> WHAT NEEDS TO BE DONE
For this exercise, output exactly the lines from the opening line of the listing through the line with "Support Vector Machines", skipping pictures.

> TASK INPUTS
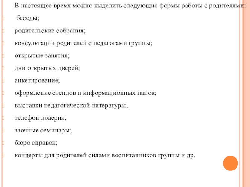 Слайд 9В настоящее время можно выделить следующие формы работы с родителями:
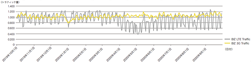 また、LTEのトラフィック傾向ですが、セッション数では3Gと同様に自粛期間中の落ち込みはあるものの、断続的な増加傾向にあります。またトラフィック量に関しても自粛期間である2020年4月〜5月を底として、いまは徐々に戻ってきている状況にあります。
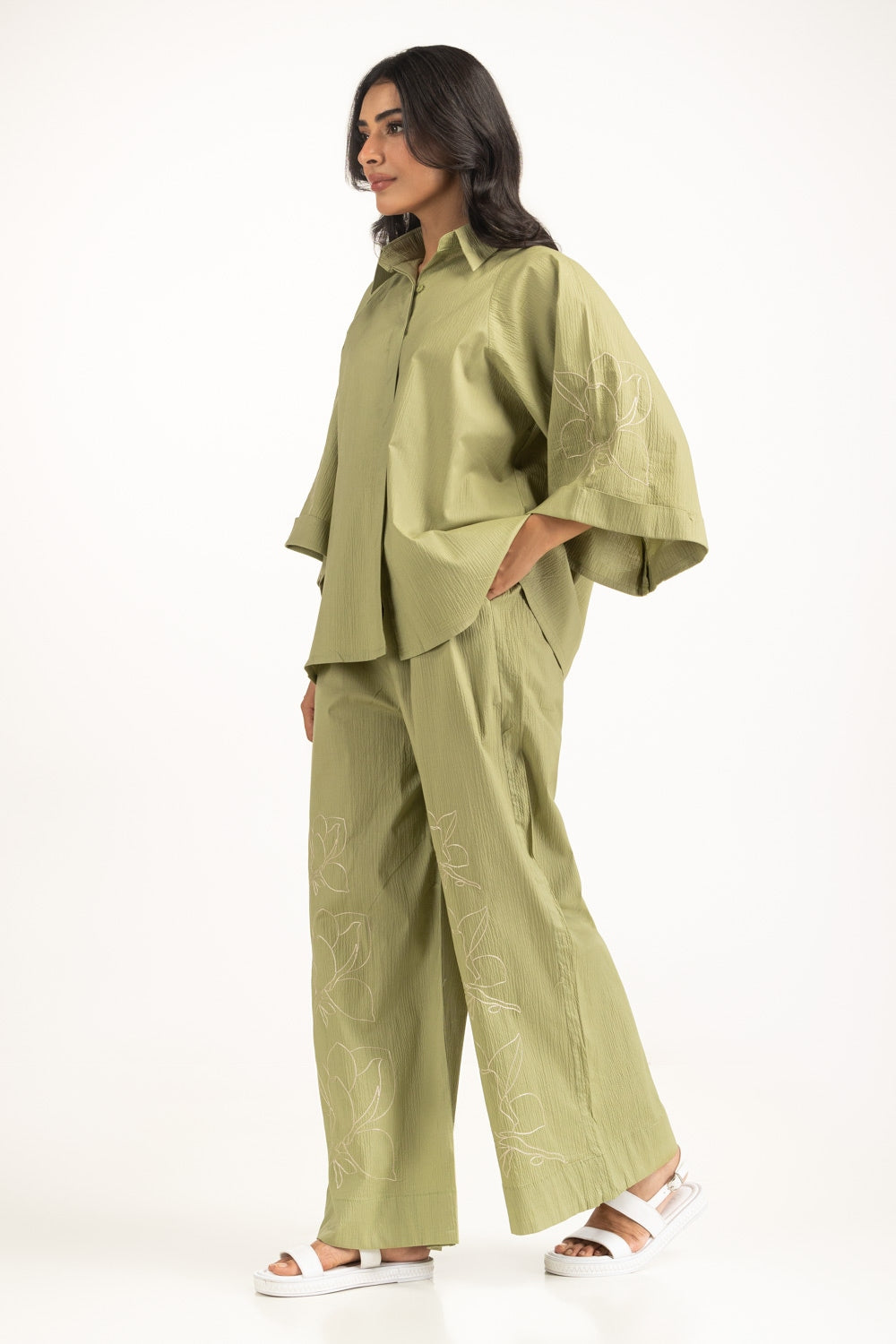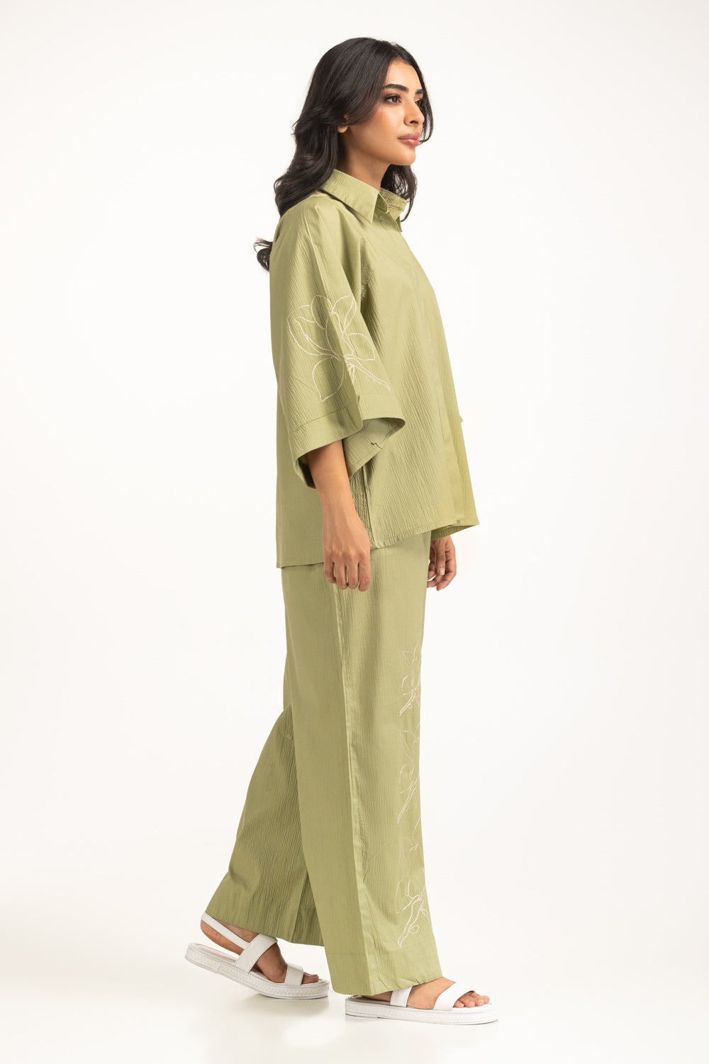 This shirt strikes the perfect chord between texture and charm. The shirt collar adds a timeless touch, while the delicate floral detailing on the sleeves softens the look. Designed in a regular fit for all-day comfort, it feels breezy and light.
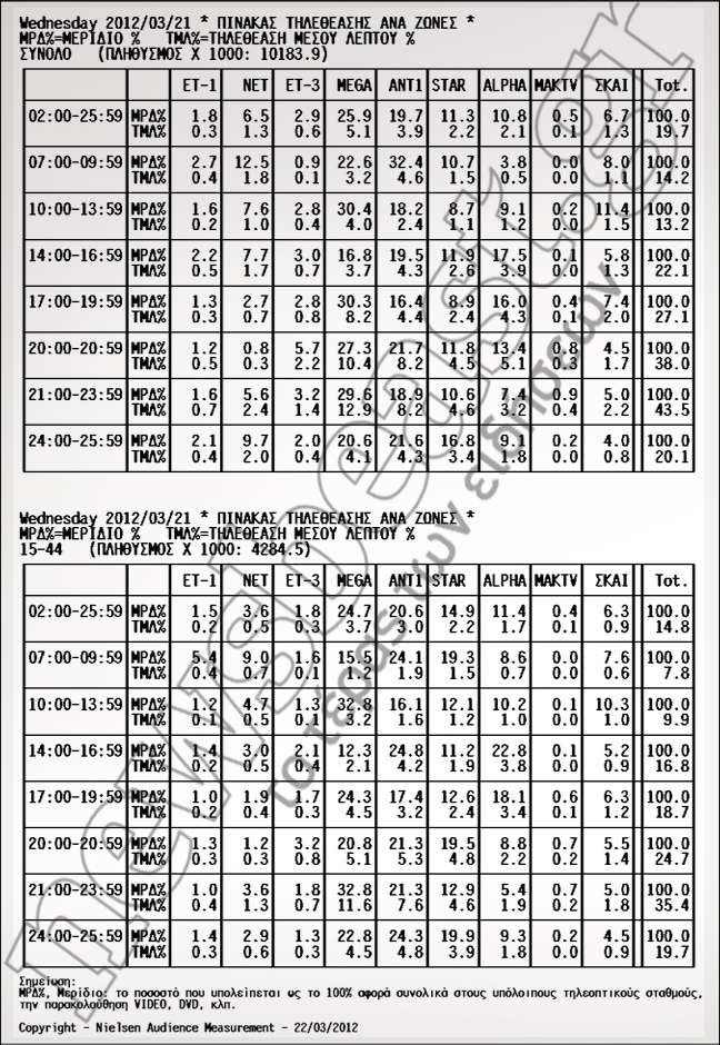 Νικητής στις προτιμήσεις των τηλεθεατών βγήκε το δελτίο του ANT1 με 21,3%. Ακολούθησαν Mega με 20,8% και το STAR με 19,5%.
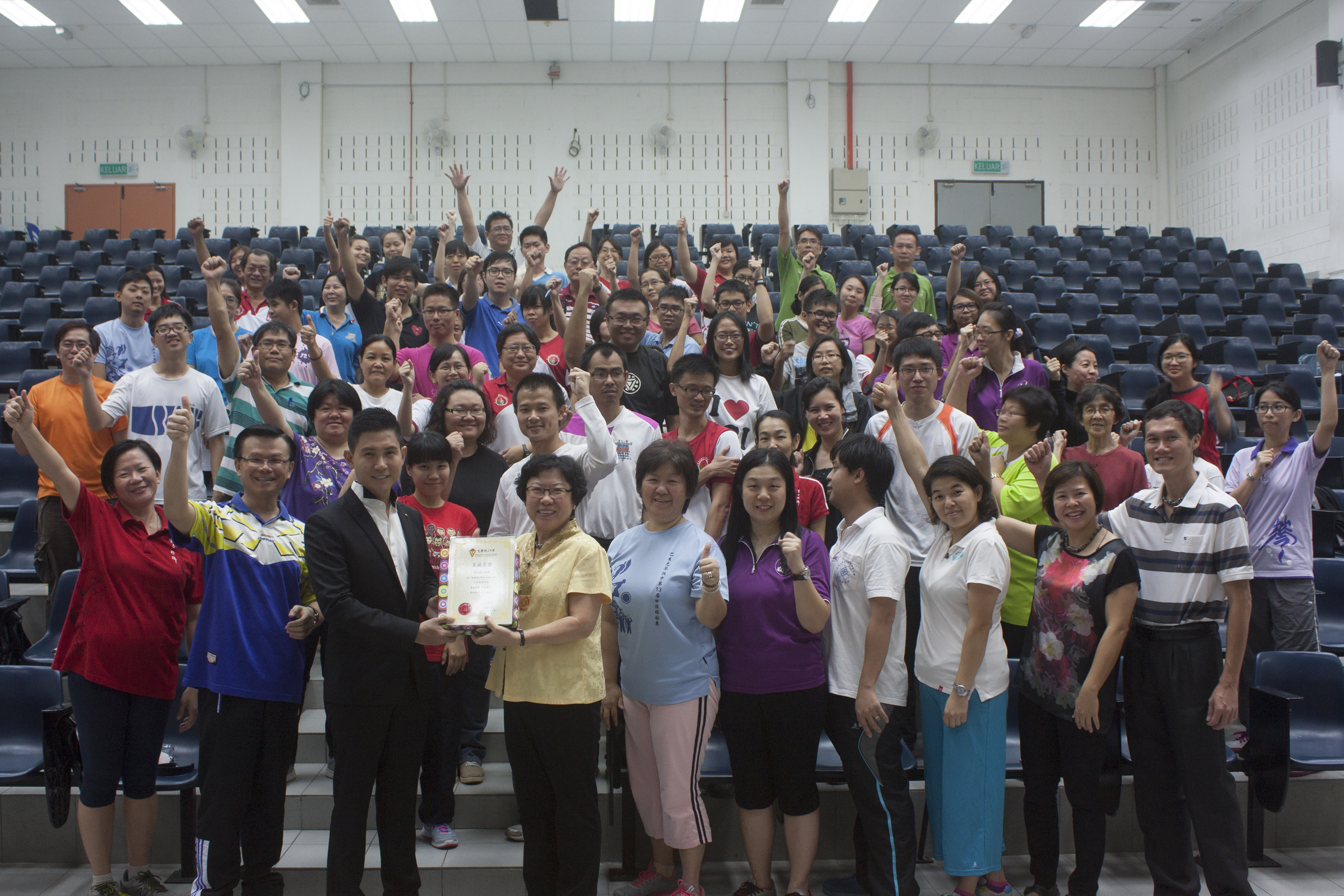 佘琼凤校长(前排左四)颁发感谢状予潘昶伶博士(前排左三),感谢他义务为教职员们提供保健讲座。
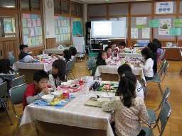 伏見南浜小学校には,ランチハウスといって給食を食べたり食について学習する部屋があります。
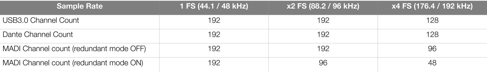 - 48/44.1 kHzで192チャンネル、96/88.2 kHzで192チャンネル、192/176.4 kHzで128チャンネル
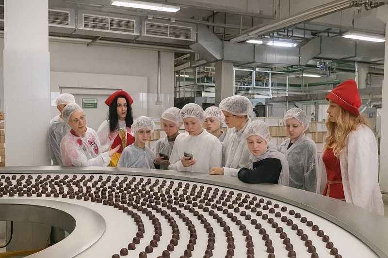 На экскурсии по фабрике вам выдадут специальные белые халаты и шапочки, как у сотрудников. Вы не только изучите отдельные производственные процессы — от подготовки сырья до упаковки готовой продукции, но и сможете продегустировать конфеты, только-только сошедшие с конвейера, свежайшие, покрытые ещё не остывшим шоколадом.
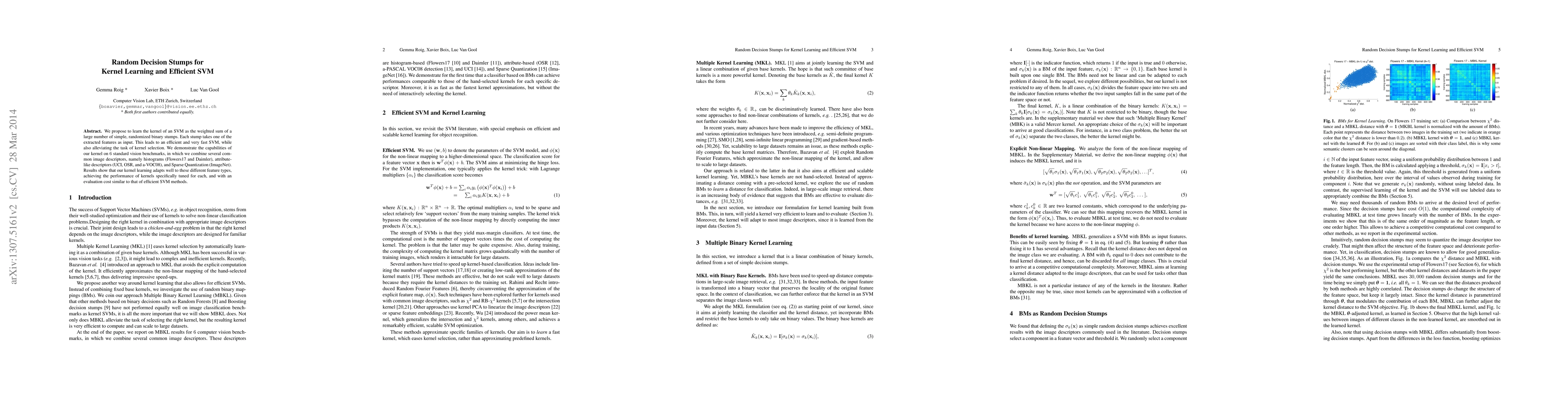 Support Vector Machines (SVMs) are powerful learners that have led to state-of-the-art results in various computer vision problems. SVMs suffer from various drawbacks in terms of selecting the right kernel, which depends on the image descriptors, as well as computational and memory efficiency. This paper introduces a novel kernel, which serves such issues well. The kernel is learned by exploiting a large amount of low-complex, randomized binary mappings of the input feature. This leads to an efficient SVM, while also alleviating the task of kernel selection. We demonstrate the capabilities of our kernel on 6 standard vision benchmarks, in which we combine several common image descriptors, namely histograms (Flowers17 and Daimler), attribute-like descriptors (UCI, OSR, and a-VOC08), and Sparse Quantization (ImageNet). Results show that our kernel learning adapts well to the different descriptors types, achieving the performance of the kernels specifically tuned for each image descriptor, and with similar evaluation cost as efficient SVM methods.
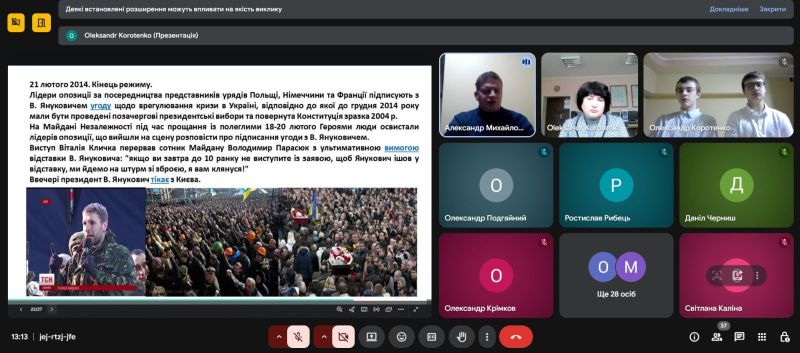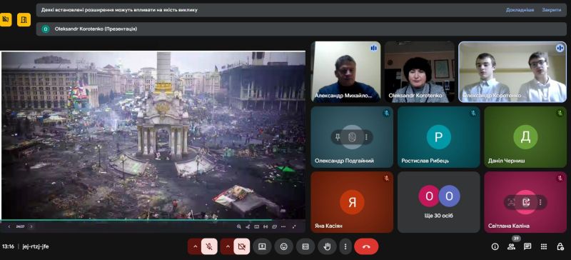 Під час заходу прозвучало вступне слово заступника директора з НВР Н.П. Макотренко, яке акцентувало увагу на значенні гідності, свободи, громадянської відповідальності та ролі молоді у творенні майбутнього України. Ведучі представили історичну довідку про події Майданів, а викладач історії Михайловський О.В. продемонстрував хронологію Революції Гідності та її суспільно-історичне значення.
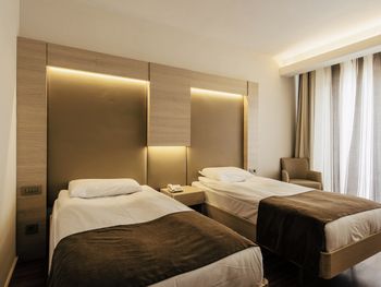 Удобства в номерах: Сейф, Кондиционер, Обслуживание в номерах, Терраса, Фен, Телевизор, Мини-бар, Телефон, Душ

> REPLY
 Слайд 9В настоящее время можно выделить следующие формы работы с родителями:
 また、LTEのトラフィック傾向ですが、セッション数では3Gと同様に自粛期間中の落ち込みはあるものの、断続的な増加傾向にあります。またトラフィック量に関しても自粛期間である2020年4月〜5月を底として、いまは徐々に戻ってきている状況にあります。
 This shirt strikes the perfect chord between texture and charm. The shirt collar adds a timeless touch, while the delicate floral detailing on the sleeves softens the look. Designed in a regular fit for all-day comfort, it feels breezy and light.
 Νικητής στις προτιμήσεις των τηλεθεατών βγήκε το δελτίο του ANT1 με 21,3%. Ακολούθησαν Mega με 20,8% και το STAR με 19,5%.
 佘琼凤校长(前排左四)颁发感谢状予潘昶伶博士(前排左三),感谢他义务为教职员们提供保健讲座。
 伏見南浜小学校には,ランチハウスといって給食を食べたり食について学習する部屋があります。
 - 48/44.1 kHzで192チャンネル、96/88.2 kHzで192チャンネル、192/176.4 kHzで128チャンネル
 На экскурсии по фабрике вам выдадут специальные белые халаты и шапочки, как у сотрудников. Вы не только изучите отдельные производственные процессы — от подготовки сырья до упаковки готовой продукции, но и сможете продегустировать конфеты, только-только сошедшие с конвейера, свежайшие, покрытые ещё не остывшим шоколадом.
 Support Vector Machines (SVMs) are powerful learners that have led to state-of-the-art results in various computer vision problems. SVMs suffer from various drawbacks in terms of selecting the right kernel, which depends on the image descriptors, as well as computational and memory efficiency. This paper introduces a novel kernel, which serves such issues well. The kernel is learned by exploiting a large amount of low-complex, randomized binary mappings of the input feature. This leads to an efficient SVM, while also alleviating the task of kernel selection. We demonstrate the capabilities of our kernel on 6 standard vision benchmarks, in which we combine several common image descriptors, namely histograms (Flowers17 and Daimler), attribute-like descriptors (UCI, OSR, and a-VOC08), and Sparse Quantization (ImageNet). Results show that our kernel learning adapts well to the different descriptors types, achieving the performance of the kernels specifically tuned for each image descriptor, and with similar evaluation cost as efficient SVM methods.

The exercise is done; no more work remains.